• _DATA SUPPLIED_
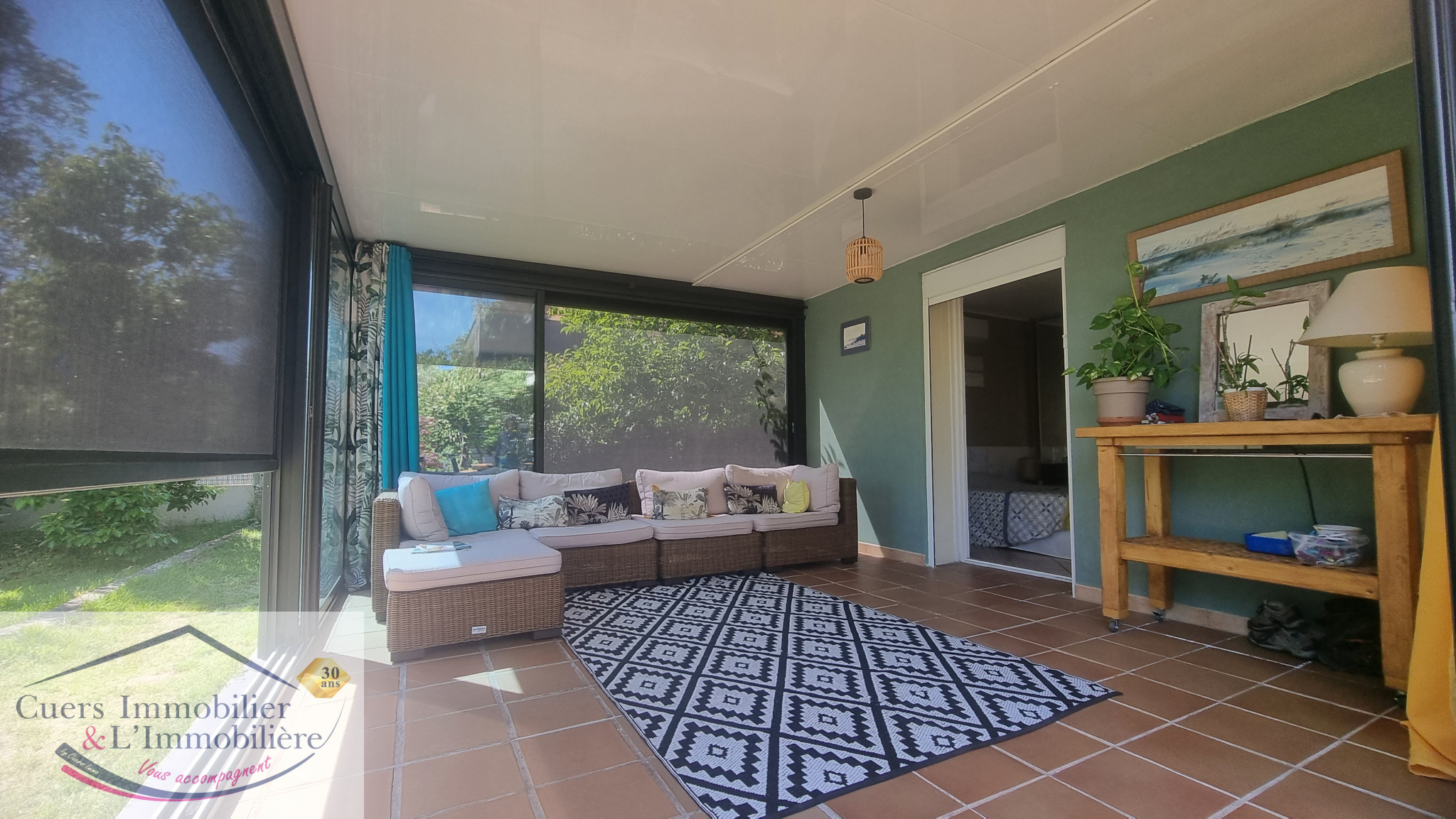 Belle terrasse avec véranda et pergola, balcon au 1er étage, terrasse côté studio, garage et jardin arboré.
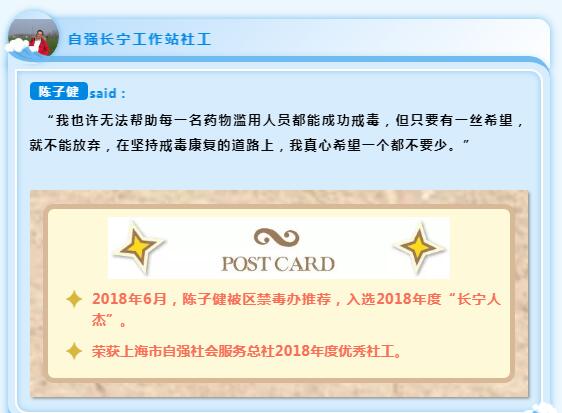 服务对象老王曾多次因吸毒、贩毒被判入狱和强制隔离戒毒。老王没有工作,无收入来源,经济压力比较大,对社会有很多报怨,也不愿接纳社工。陈子健没有放弃,他积极向区禁毒办和北新泾街道相关部门沟通和反映老五的情况,最终获得支持。老王于2016年底进入区某安帮服务社工作,成为一名摩拜单车整理员。老王看到了陈子健为他找工作所付出的努力,深受感动,他向陈子健打开心扉,吐露心中曾经的苦闷。陈子健引导老王对过往吸毒经历进行反思,强化吸毒造成的危害的认知,老王逐渐完成了从“要我戒毒”到“我能戒毒”的戒毒理念转变。
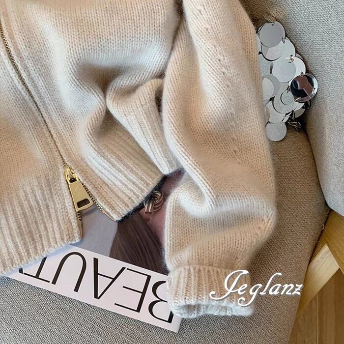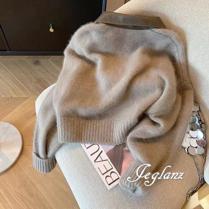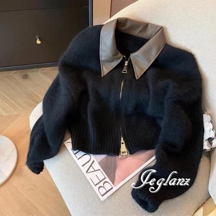 3色 ニット セーター カーディガン モヘア レザー 襟付き ジップ(MA690)σ,ς*
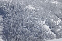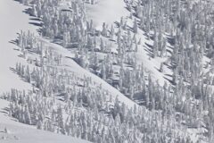 ここのオープンバーンを気持ちよく滑ってしまった後に待ち受けるのは、巨大なスノモン密集地帯。人がスッポリはまるほどの大きなツリーホールが連続し、とても自分の技術では滑れない。登山道に合流するために、トラバースでスノモン密集地帯を回避する。
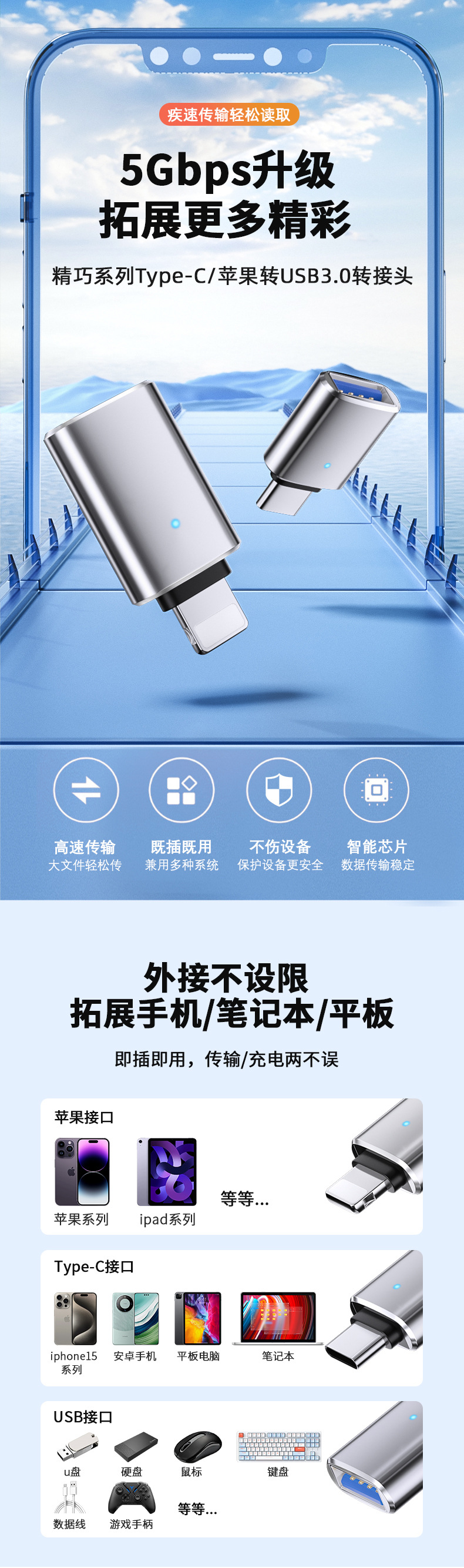 USB 플래시 드라이브 어댑터 typec 인터페이스 otg 어댑터 usb3.0 범용 어댑터를 읽는 휴대 전화에 적용 가능한 국경스토어 가기
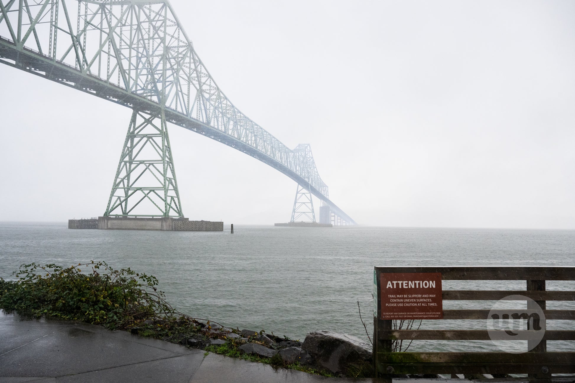 A street-level photograph capturing a two-story white commercial building on a corner in Astoria, Oregon, featuring a storefront for "SoonYi Sushi" and a large mural of a sailboat painted on the lower facade. The building sits at the base of a steep hill, contrasting with the colorful blue residential houses visible on the slope behind it. Power lines and a traffic light frame the top of the scene, which is set against a bright, overcast sky, illustrating the mix of commerce and housing in this hilly coastal town.
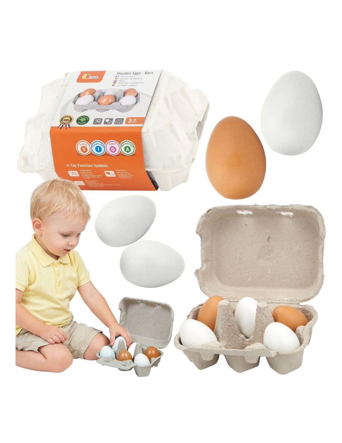 VIGA Wooden Eggs in a Carton
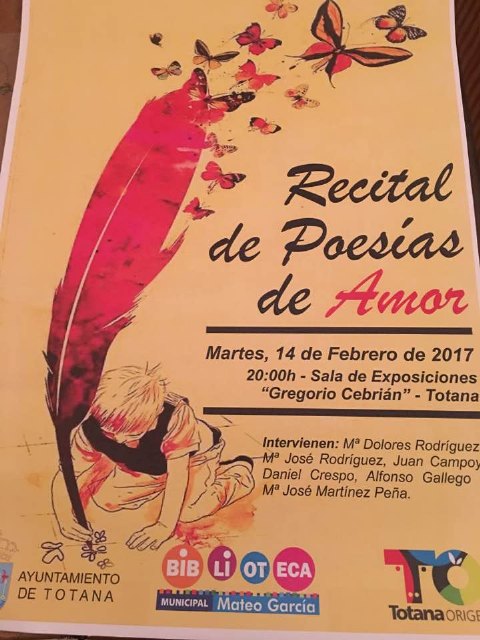 Totana Noticias La Sala de Exposiciones "Gregorio Cebrián" acogerá un Recital de Poesías de Amor el martes 14 de Febrero 03/02/2017 La Sala de Exposiciones "Gregorio Cebrián" acogerá un Recital de Poesías de Amor el martes 14 de Febrero Fuente: Totana.com

• _PROBLEM_
Where pictures appear, drop them, and reproduce exactly only the lines running from the beginning of the data to the line that contains "3色 ニット セーター", inclusive.

• _RESULT BELOW_
 Belle terrasse avec véranda et pergola, balcon au 1er étage, terrasse côté studio, garage et jardin arboré.
 服务对象老王曾多次因吸毒、贩毒被判入狱和强制隔离戒毒。老王没有工作,无收入来源,经济压力比较大,对社会有很多报怨,也不愿接纳社工。陈子健没有放弃,他积极向区禁毒办和北新泾街道相关部门沟通和反映老五的情况,最终获得支持。老王于2016年底进入区某安帮服务社工作,成为一名摩拜单车整理员。老王看到了陈子健为他找工作所付出的努力,深受感动,他向陈子健打开心扉,吐露心中曾经的苦闷。陈子健引导老王对过往吸毒经历进行反思,强化吸毒造成的危害的认知,老王逐渐完成了从“要我戒毒”到“我能戒毒”的戒毒理念转变。
 3色 ニット セーター カーディガン モヘア レザー 襟付き ジップ(MA690)σ,ς*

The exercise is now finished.